Many operators pass an entire record unchanged from the input data set to the output data set. These operators can add new result fields to the record of the output data set, but they also propagate the original record through to the output data set.

This topic provides background information required to use schema variables, including a further discussion of the concept of schema variables and an explanation of the transfer mechanism. Then two examples are provided: one showing how to use schema variables with a one-input operator and the other showing how to create a two-input operator.

Background

The following figure shows an operator containing schema variables in both its input and its output interface schemas:

Figure 1. Input schema variables

This figure shows the same operator with an input data set:

Figure 2. Output schema variables

By default, a schema variable in an input interface schema corresponds to an entire record of the input data set, including the record schema. In this example:

"inRec:*" ≡ "fName:string; lName:string; age:int32;"
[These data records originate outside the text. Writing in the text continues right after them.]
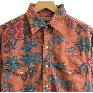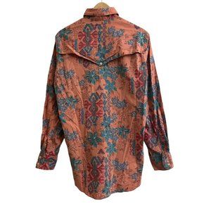 Vintage Wrangler Men's Button Front Long Sleeve Western Shirt Floral Aztec Pockets Pink/Orange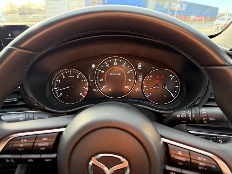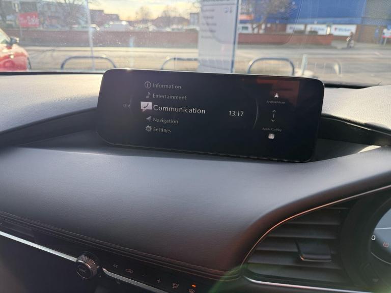 This 2025 Mazda3 e-SKYACTIV-G Centre-Line is a superb example, having had only one owner from new. This stylish hatchback features a responsive 2.5L petrol engine, meeting Euro 6 emissions standards. Inside, you'll find the convenience of Apple CarPlay and Android Auto, allowing seamless integration with your smartphone. The advanced LED headlights with auto levelling ensure optimal visibility, while the QI wireless mobile phone charging keeps your devices powered up without fuss. Maneuvering is made easy with a reversing camera and front and rear parking sensors, all contributing to a stress free driving experience.The Mazda3 e-SKYACTIV-G Centre-Line offers a compelling package, demonstrating its superiority over similar vehicles with its impressive acceleration, reaching 0-62mph in just 9.5 seconds. Furthermore, its low insurance group rating makes it an economical choice for many drivers. You'll also appreciate the generous boot space, providing ample room for shopping or luggage. This well maintained vehicle combines practicality with Mazda's renowned driving dynamics, making it an excellent option for those seeking a refined and capable hatchback.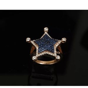 Blue & white sapphire rose gold star ring sz7.75
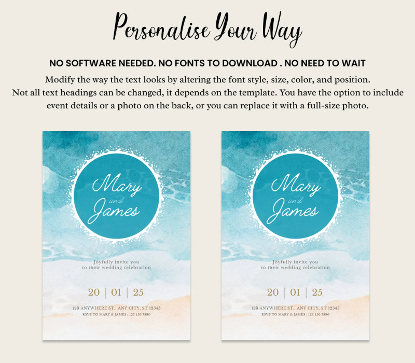 Upgrade your wedding invitatin with our Editable Wedding Invitation Belly Band! Featuring a gorgeous watercolor floral design in soft, beachy tones, this minimalist wrap adds a touch of elegance and personalization to your invites. Customise effortlessly online—no special software required! Change fonts, text, and colors to match your wedding style. Perfect for DIY couples who want a unique, professional touch. Instantly downloadable and easy to use!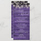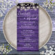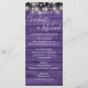 Carte de menu Rustique mariage avec de jolies lampes à cordes et des noms de style signature, cette carte de menu élégant peut être personnalisée avec vos informations en lettrage blanc chic sur un arrière - plan de panneaux de bois violet. Conçu par Thisisnotme©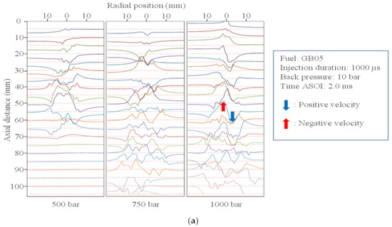 In Figure 17, when the injection pressure increases, the axial velocity profile calculated at the time of 2.0 ms ASOI presents its first negative value when the spray distance is shorter than those of the low injection pressure. At the injection pressure of 500 bar, the negative velocity is first seen at 35 mm from the injector tip, while the injection pressure of 750 bar indicates negative axial velocity at 25 mm. Particularly, the injection pressure of 1000 bar shows the radial flow field of the spray at 5 mm, which is the shortest distance plane from the tip that was analyzed. The droplet size of the spray decreases as the injection pressure increases, due to the high shear rate. Therefore, air entrainment could exist earlier in the entrainment section and might attempt to bend the spray to the radial direction, thus creating the vortex motion. At longer spray distances, the negative axial velocity distributed along the radial direction corresponds with the higher number of the vortexes created throughout the spray.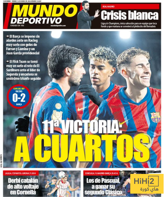 هاي كورة- انتصار برشلونة على راسينغ والتأهل الى ربع نهائي كأس ملك اسبانيا تصدر غلاف صحيفة موندو ديبورتفو الاسبانية اليوم الجمعة 16 يناير 2026 .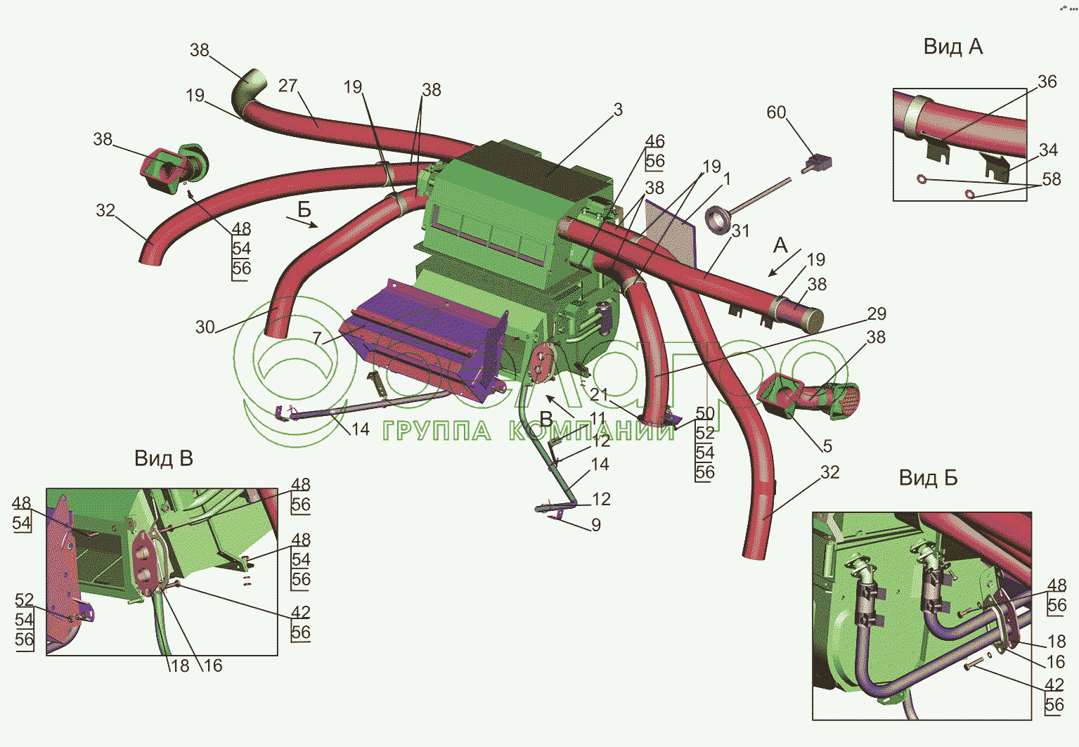 Каталог запасных частей к технике: МАЗ-5550V3 (V5). Установка отопителя 631019-8100001-010

Performing an operation on inRec corresponds to performing an operation on an entire record and the record schema of the input data set.

When a transfer is declared, an output schema variable, by default, assumes the record schema of the variable in the input interface. As you can see in the previous figure, outRec assumes the schema of inRec, which corresponds to the record schema of the input data set. Therefore, the output interface schema of the operator is:

"outRec:*" = "inRec:*" ≡ "fName:string; lName:string; age:int32;"

By using a variable to reference a record, operators can copy, or transfer, an entire record from an input to an output data set. The process of copying records from an input to an output data set then becomes much simpler because you do not have to define any field accessors.